A person practiced in this sort of affair would have. Yes, so she had been a fool in that regard. But what sort of woman of her class knew these sorts of things, Sestia thought. Was she supposed to have a list of druggists or abortionists who you would go to regularly? She was revolted by the thought. It was something, she had always reckoned, that was the topic only needed to be known by courtesans. And yet here she was. Pride, it is said, comes before a fall.
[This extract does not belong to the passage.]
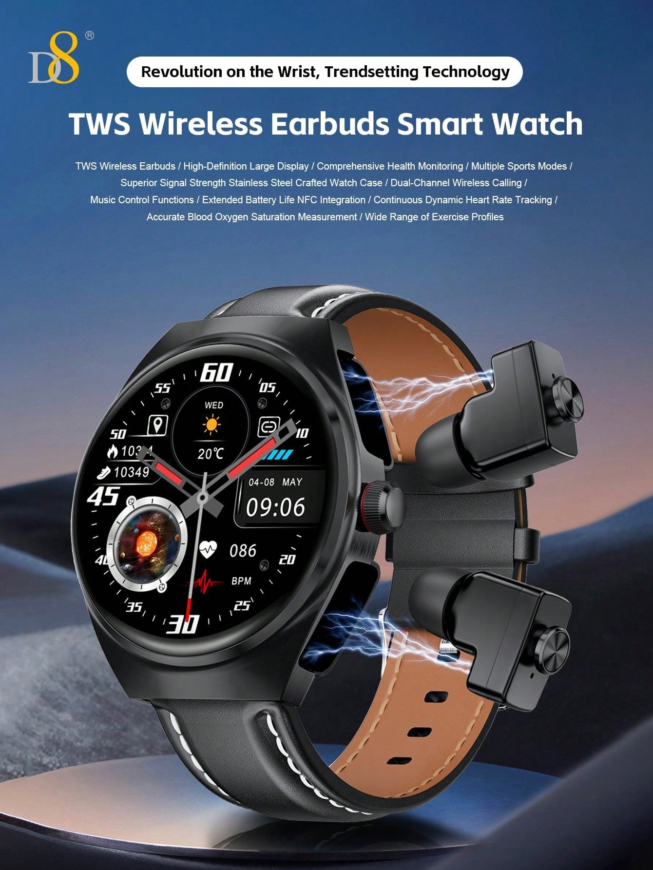 - Integrated Earbuds with 9D Sound: The unique combination of a smartwatch and earbuds makes the D8 an all-in-one device for calls, music, and fitness tracking, offering unmatched convenience.
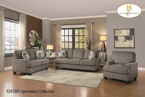 | The Kenner Collection. Unfettered design allows for your individual decorative aspirations to soar. The sofa is available in both a pull out sleeper or traditional setup. The sofa and loveseat are paired with contrast pillows. Two fabric options are available - Grey or Brown for versatile placement in a number of environments. |

She hadn't told Lucius. She hadn't told anyone. If Brysias knew, she was for once in her life practicing the virtue of silence. She had no idea how Lucius would react. She did know, however, how society would act if she did not take some action. She could not let herself go around visibly pregnant in her situation. That would be game over. Should she try and...end it? Could she even bring herself to do so? No. The thought almost had her break down in tears again. She couldn't do that to herself or her unborn child. Why should it suffer for her weakness?

She could disappear. Go off to the country. Leave for months. Return to Rome, caring for the "orphan" or some cousin no one had ever heard of. It would be the only way. How would Lucius react to finding this out? For all his words she was sure he would walk. He would feel entrapped. The joke was it was she who was trapped and she had fashioned the prison from her own foolishness.